The functional medicine model — systems-based, root-cause, multi-factorial, personalised — is arguably the clinical framework most aligned with what longevity science is now demonstrating: that ageing is a multi-hallmark process requiring multi-system intervention. Practitioners who understand this framework are well-placed to guide patients through the noise of the longevity market with scientific credibility.
Where Is the Field Going?
The near-term trajectory of longevity science points in several directions simultaneously. Biological age clocks are improving rapidly in precision and accessibility; within a decade, measuring a patient's biological age through a blood test may be as routine as measuring cholesterol. The challenge will be linking biological age measurements to validated, actionable intervention protocols — a gap that remains significant.
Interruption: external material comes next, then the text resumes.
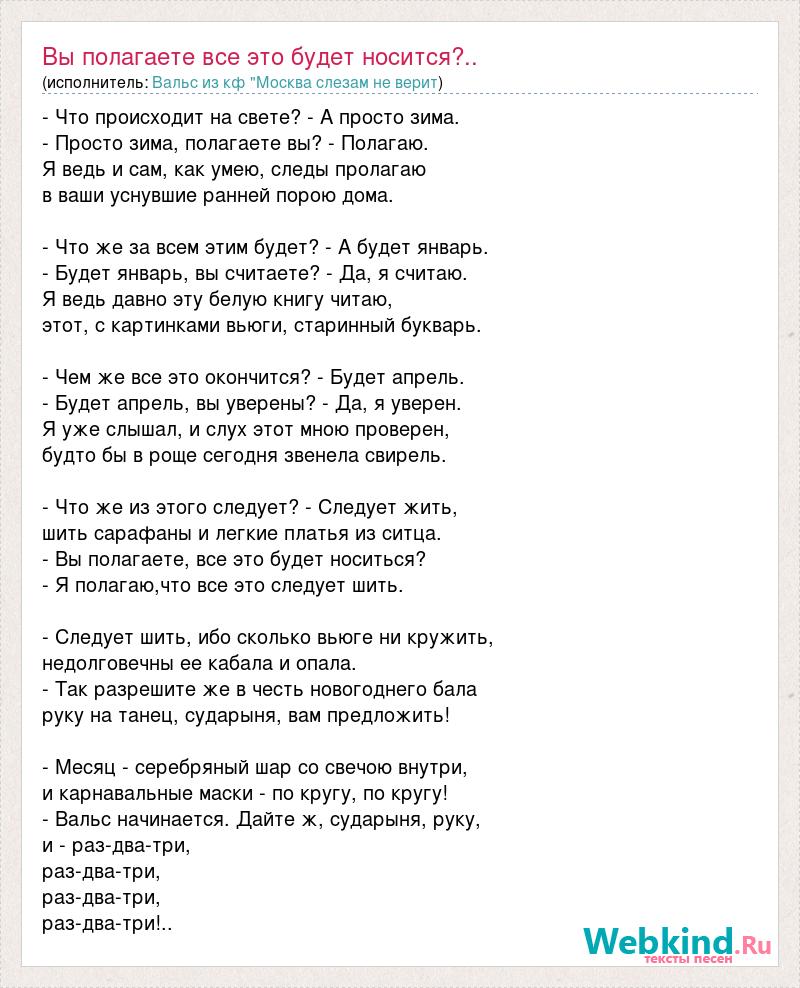 А как ты думаешь, о чем песня "Вы полагаете все это будет носится?.." ?

Partial cellular reprogramming — reintroducing Yamanaka transcription factors to reset the epigenetic state of aged cells — has shown striking results in mouse models, with aged tissues displaying gene expression patterns characteristic of younger cells after treatment. A 2025 study found that seven months of periodic partial reprogramming in old mice produced significantly lower expression of ageing-associated genes in the kidney and liver. Human translation remains years away and the safety questions are substantial, but this represents the most radical potential advance in the field.
What seems clear is that longevity science has crossed from theoretical possibility to active, well-funded, scientifically serious pursuit. The question is no longer whether ageing biology can be modified — model organism data has established that it can — but whether those modifications translate to humans in meaningful, safe, and equitable ways. That question will not be resolved quickly, but its pursuit is shaping medicine in ways that practitioners need to understand now.
One of the underacknowledged challenges in longevity science is access. The interventions at the biological frontier — pharmaceutical senolytics, precision biological age testing, rapamycin protocols, advanced genetic therapies — are currently available only to those with significant financial resources. The most evidence-based longevity interventions — exercise, sleep, nutrition, stress management — are accessible to all. If longevity medicine develops as a premium service available only to the wealthy, the societal implications are serious and deserve active attention from the clinical community.